I’m not a hummus expert. In fact, I’ve referred to a guide to making Nisha Bora’s best hummus, so it’s not well equipped. You can find her recipe at this link: The best hummus.. She breaks down the process of making creamy hummus, simplifies it for non-hummus professionals, and works on important elements for traditional hummus. I used her recipe as a rough guide and tailored it to her own tastes. I also tried to find a reference about where the hummus originally came from, but there is some controversy about where it came from and therefore provides resources to check it. (((Click here for detailsThere is a conversation about the claim that it comes from present-day Egypt, and from Syria, based on the Torah, especially the ancient cookbooks that mention it in Ruth.

How can we make this hummus unique to West Africa?
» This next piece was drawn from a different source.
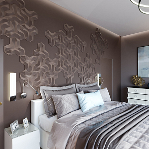 Интерьер спальни с подсветкой настенной, подсветкой светодиодной, рейками с подсветкой, с подсветкой, светильниками над кроватью и световыми линиями, проект «Коттедж, Одинцовский район, 250м2» №12
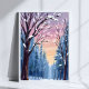 Póster Silent Snowfall Winter Forest Watercolor Painting

The base of this recipe is Bambara beans, which have a flavor very similar to chickpeas. Following this, I would like to introduce some tahini that Africa also claims. I didn’t want to complicate the recipe, so I left lemon juice, salt and pepper. To add a spicy kick, I used Melegeta Pepper or a better known paradise grain. This spice is known as fake pepper — it’s not part of the Schinus molle family, but it has some fever. It has been used for centuries as a spice in many West African cuisines. Topping with bright red palm oil, fried onions, garlic and dawadawa to increase resistance.

Alternative

This dish is highly customizable. You can retain the elements of the material and exchange some for more available materials. I recommend that people try and shop for these ingredients at their local West African store (check my FAQ for more information) and buy some of these ingredients. Paradise grains can be omitted and replaced with more black pepper. You can also adjust the salt and tahini levels to your liking. Bambara groundnut, Dawa, and red palm oil have a unique flavor and are recommended for those who are particular about it. For more information on Grains of Paradise, see this blog post. Check out this blog post for more information on red palm oil.

How to make hummus

material

  • White Bambara Groundnut 230g
  • 1/2 teaspoon baking soda
  • 1 lemon and 1/2 lemon juice (use less to reduce lemon flavor)
  • 1/2 teaspoon of freshly ground black pepper
  • 1/2 teaspoon of freshly ground paradise **
  • 4 pieces of garlic
  • Tahini 1/2 cup
  • water
  • salt
  • 1/4 cup of red palm oil
  • 1 small finely chopped shallot
  • 1/2 teaspoon Dawadawa powder

Instructions

1

1. Soak Bambara groundnuts in plenty of water and baking soda the night before. Baking soda begins the process of breaking down the outer layer of Bambara groundnut.

2

2. The next day, rinse the beans and boil in 4 liters of water for 1.5 hours or until tender. You can also use a pressure cooker to cook these beans. Cook the beans in about 2 liters of water for about 30 minutes.

3

3. When the beans are nicely tender, put them in a food processor and process for a few minutes.

Four

4. Add tahini, lemon juice, 3 pieces of grated garlic, peppercorn and grains of paradise and re-treat until smooth.

Five

5. Add salt to the taste. Added about 1 / 2tsp.

6

6. To thin the mixture, I poured some water (4 tbsp) to loosen the texture. Add more water for a looser texture.

7

7. When you have hummus, spread it on a plate and transfer it to oil.

8

8. In a pan, heat the red palm oil until it melts. Add onions, dawadawa and 1/4 teaspoon salt and fry for a few minutes. It rains lightly on the hummus.

9

9. Serve with your favorite vegetables or chips. I served with tostones.

Note

** For paradise grains, you can replace it with black pepper.